[78].
Только лишь в этом контексте идеи относятся к изменчивому множеству конкретных вещей в том же смысле, в каком одна мерка относится к изменчивому множеству измеримых вещей, а правило разума или здравого смысла – к изменчивому множеству конкретных событий, которые можно под него подвести. Именно эта сторона платоновского учения об идеях оказала на западную традицию самое большое влияние, и даже Кант, хотя у него была малопохожая и существенно более глубокая концепция человеческого суждения, по-прежнему время от времени называл его характерной функцией эту способность подведения. И точно так же основная отличительная черта сугубо авторитарных форм правления, – состоящая в том, что источник их авторитета, легитимирующего отправления власти, должен находиться вне сферы власти и, подобно закону природы или заповедям Бога, должен быть нерукотворен, – восходит к этому платоновскому применению идей к политике.

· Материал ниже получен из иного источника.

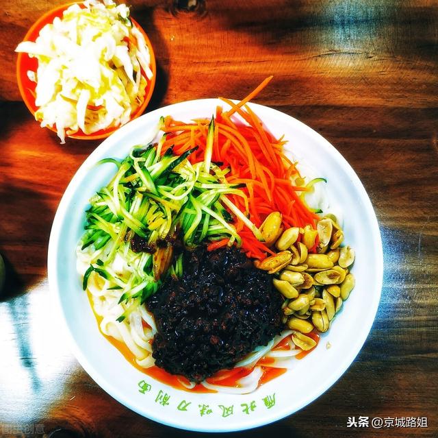 老北京炸醬面,要五花肉慢火炸醬,配上黃瓜絲。豆芽、芹菜等各種菜碼,再來(lái)幾瓣臘八蒜,一大碗管飽。專(zhuān)營(yíng)店能吃到,家家戶(hù)戶(hù)也都會(huì)做。(說(shuō)到這里,想起去韓國(guó)時(shí),導(dǎo)游說(shuō)他們統(tǒng)稱(chēng)中國(guó)人叫“炸醬面”,雖然體現(xiàn)了我們的面食文化,但當(dāng)時(shí)也很不愛(ài)聽(tīng),給韓國(guó)導(dǎo)游一個(gè)差評(píng))。
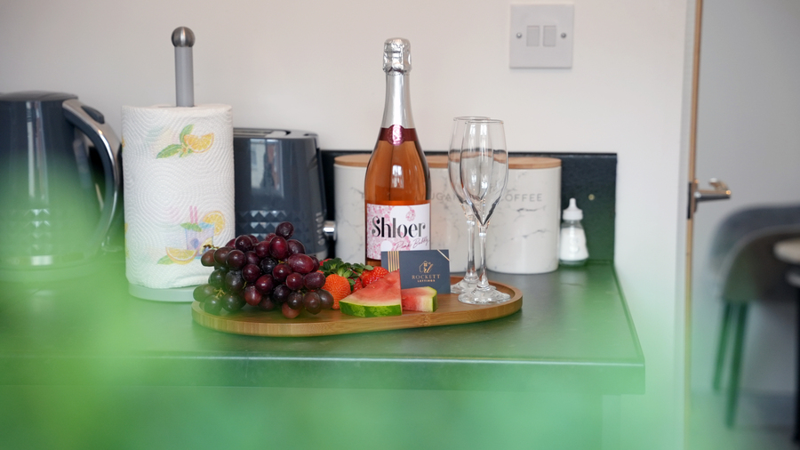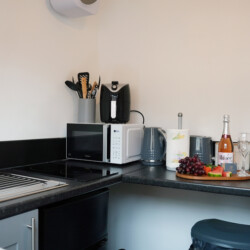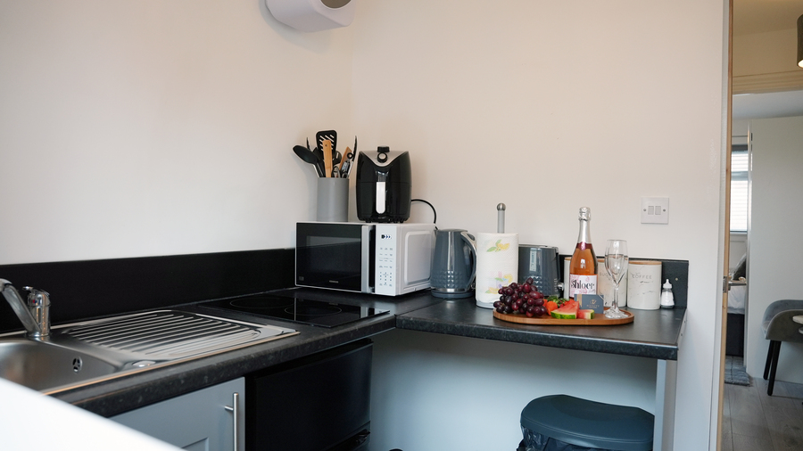Fully Equipped Kitchen: Cook in the fully stocked kitchen, complete with all the essentials, including a microwave, air fryer, fridge, freezer, toaster, kettle, and a full range of utensils and cookware. Perfect for preparing everything from quick breakfasts to gourmet meals.
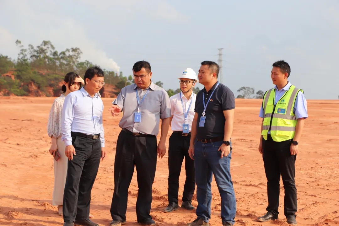 為進(jìn)一步推進(jìn)項(xiàng)目建設(shè),解決存在的問題,5月12日下午,集團(tuán)公司黨委書記、董事長(zhǎng)、總經(jīng)理?xiàng)顫i帶領(lǐng)交投園區(qū)公司黨支部書記、董事長(zhǎng)陳海華,投資發(fā)展部、項(xiàng)目部及項(xiàng)目參建單位的有關(guān)人員到項(xiàng)目現(xiàn)場(chǎng)檢查指導(dǎo)工作。
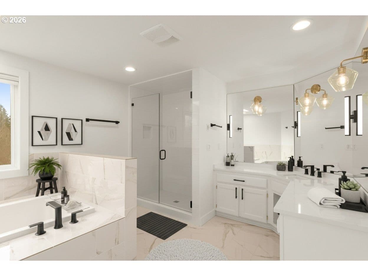 Beautifully updated Bronson Creek retreat. Sought after floorplan with an abundance of natural light. With a remodeled kitchen and primary bathroom this thoughtfully updated and truly move-in ready home blends timeless style with meaningful modern improvements. The recently updated kitchen is a standout, featuring quartz countertops, modern finishes, stainless steel appliances and a layout designed for both entertaining and everyday living. Upstairs, the spacious primary suite offers a peaceful retreat, complete with an updated spa like bathroom showcasing quartz countertops, jetted tub and stylish finishes. Three additional bedrooms provide flexibility for guests, home office space, or hobbies. Major system upgrades add long-term confidence, including a newer furnace and air conditioning system installed in 2023. The architectural composition 50-year roof is approximately 10 years old. In 2023, crawl space improvements included a vapor barrier replacement and ventilation upgrades for enhanced efficiency and durability. Step outside to enjoy the brand-new rear deck completed in 2025—perfect for summer evenings, entertaining, or simply relaxing in your private outdoor oasis that overlooks Bronson Creek and all the wildlife. Located near miles of walking trails & parks. With quality updates throughout and the big-ticket items already addressed, this home delivers comfort, functionality, and lasting value.
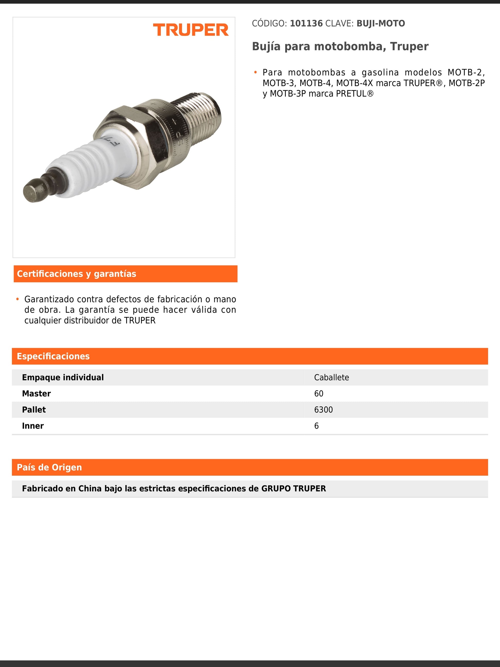 Bujía compatible con motobombas a gasolina modelos MOTB-2, MOTB-3, MOTB-4 y MOTB-4X de la línea Truper, así como MOTB-2P y MOTB-3P de la línea Pretul. Fabricada bajo estrictos estándares para garantizar encendido confiable y durabilidad.

В то же время аналогия с изготовлением, с искусствами и ремеслами благоприятствует оправданию в остальном крайне сомнительных примеров: я говорю о тех видах деятельности, где требуется обладать некими специальными умениями и быть знатоком своего дела. Здесь впервые в сферу политического действия проникает понятие знатока (expert) и под государственным деятелем понимается некто, сведущий в человеческих делах, в том же смысле, в каком плотник сведущ в изготовлении мебели, а врач – в лечении болезней. С этим выбором примеров и аналогий тесно связана та насильственная составляющая, которая так бросается в глаза в утопическом государстве Платона и, вообще-то, неизменно берет верх над его неподдельным стремлением обеспечить добровольное послушание, т. е. заложить твердые основания того, что со времен римлян мы зовем авторитетом. Чтобы решить эту дилемму, Платон рассказывал довольно пространные истории о наградах и воздаяниях в загробной жизни: он надеялся, что многие воспримут их буквально, и завершал большинство своих политических диалогов тем, что советовал немногим рассказывать эти истории многим. Учитывая, как сильно эти истории повлияли на представления об аде в религиозной мысли, нелишне отметить, что изначально они были придуманы для сугубо политических целей. У Платона они были просто хитрым способом, не прибегая к внешнему насилию, заставить повиноваться тех, кто не поддается понуждающей силе разума.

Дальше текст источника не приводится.